Stripes of the Sidestep Wolf
- Author: Sonya Hartnett
- Language: English
- Genre: Fiction
- Published: 1999 (Viking)
- Publication place: Australia
- Media type: Print (Paperback)
- Pages: 191
- ISBN: 9780670885077
- OCLC: 45772538

= Stripes of the Sidestep Wolf =

1999 novel by Sonya Hartnett

Stripes of the Sidestep Wolf is a 1999 young adult novel by Sonya Hartnett.
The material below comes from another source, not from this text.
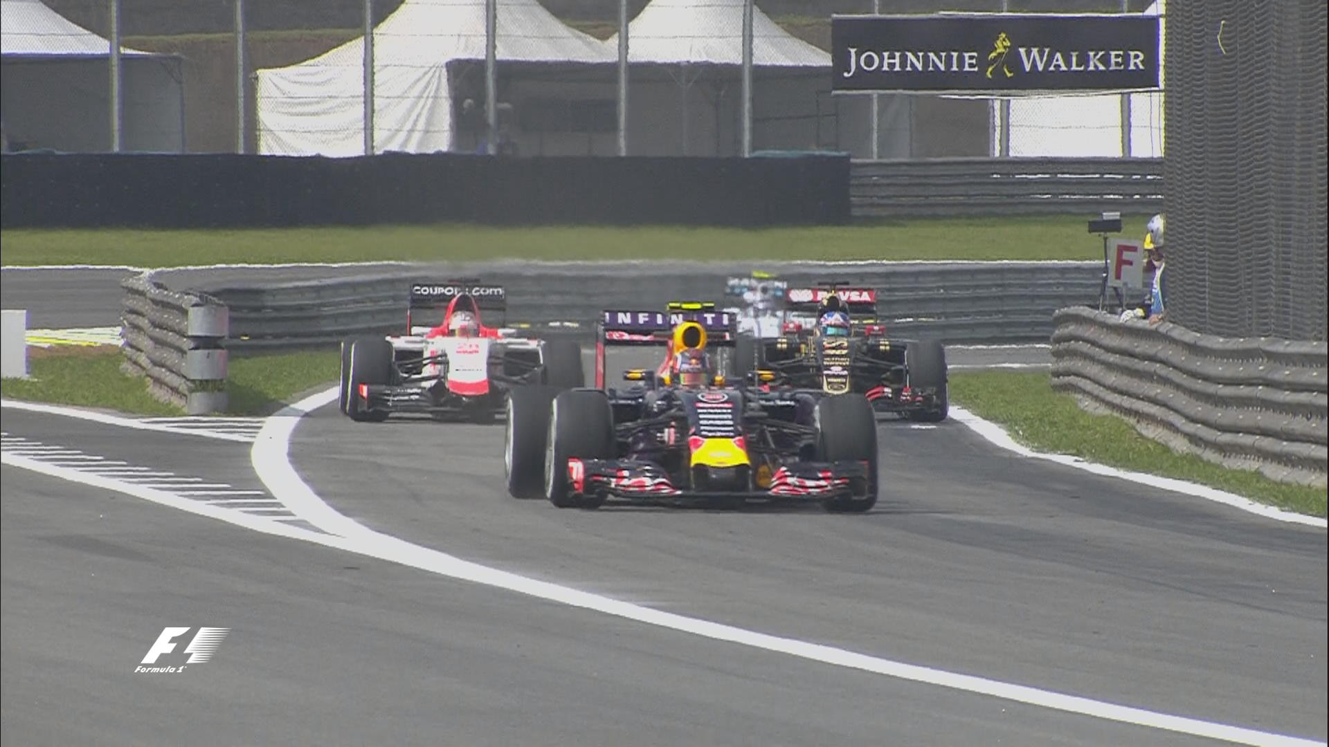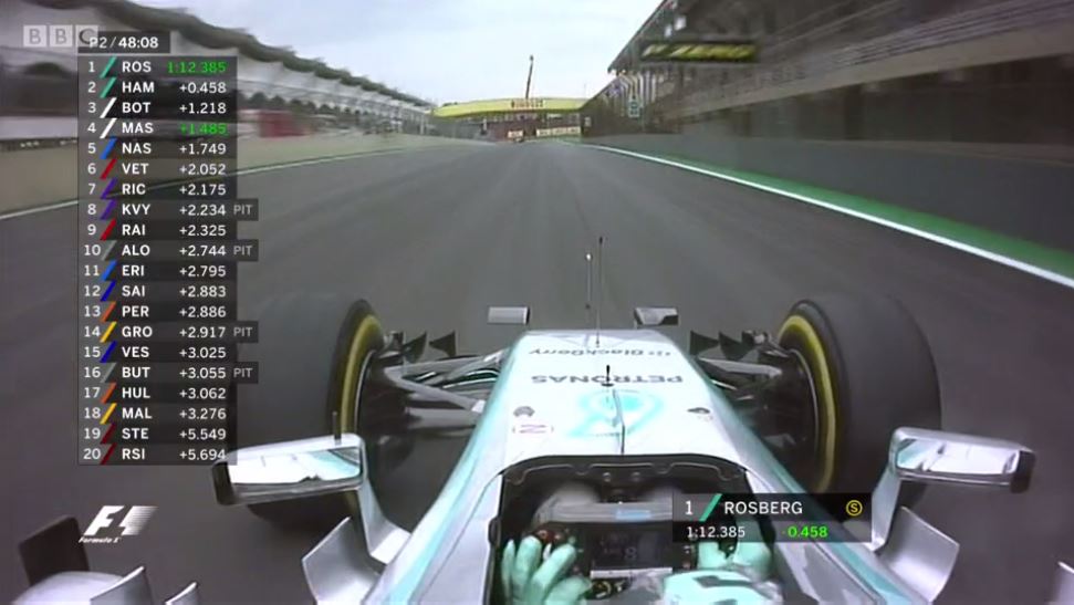 Хэмилтон заезжает на пит-стоп. На несколько секунд на трассе остаются только Росберг и оба "Ред Булла".
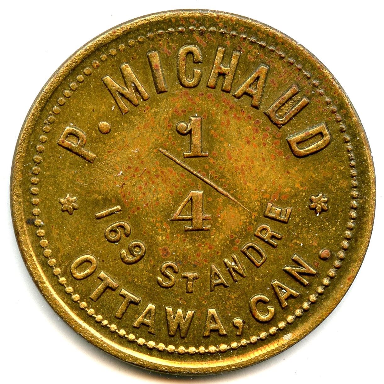 Breton 811, LeRoux 1066g, Toronto Dairy, 6c, Brass, 25mm, 3.44g, AU; Breton 813, LeRoux 1066i, 7c, Brass, 23mm, 2.83g, EF; Breton 824, LeRoux 1066k, P. Michaud, ¼, Brass, 25mm, 4.60g, AU. 3pcs.

It is about a young man, Satchel, living in a declining Tasmanian town and his encounter with a wild animal that may be a Thylacine.

Thylacines – once native to mainland Australia and Papua New Guinea – make many appearances in Australian literature despite being extinct since 1936.

==Reception==
The Sunday Times, in its review, wrote: "Teenagers whose developing intellect is above the gossipy pap and illiterate dialogue that "young adult" writing sometimes embraces will find in Hartnett's latest novel exact and thoughtful writing that gives localised events general resonance...This book not only exercises the mind, but also stirs the heart." Booktrust wrote that "Hartnett’s precise, graceful writing explores the tantalising potential of suspended lives. A hugely-absorbing book that repays slow reading, in which even small events are momentous".

Stripes of the Sidestep Wolf has also been reviewed by Kirkus Reviews, Publishers Weekly, Booklist (starred review), Horn Book Guide Reviews, Voice of Youth Advocates, School Library Journal, and The Daily Telegraph.

It was shortlisted for the Children's Book Council of Australia Book of the Year for Older Readers. It was also named in the Young Adult Library Services Association's 2006 list of Best Books for Young Adults, and the Co-operative Children's Book Center's 2007 list of Books for Curious Kids and Teens.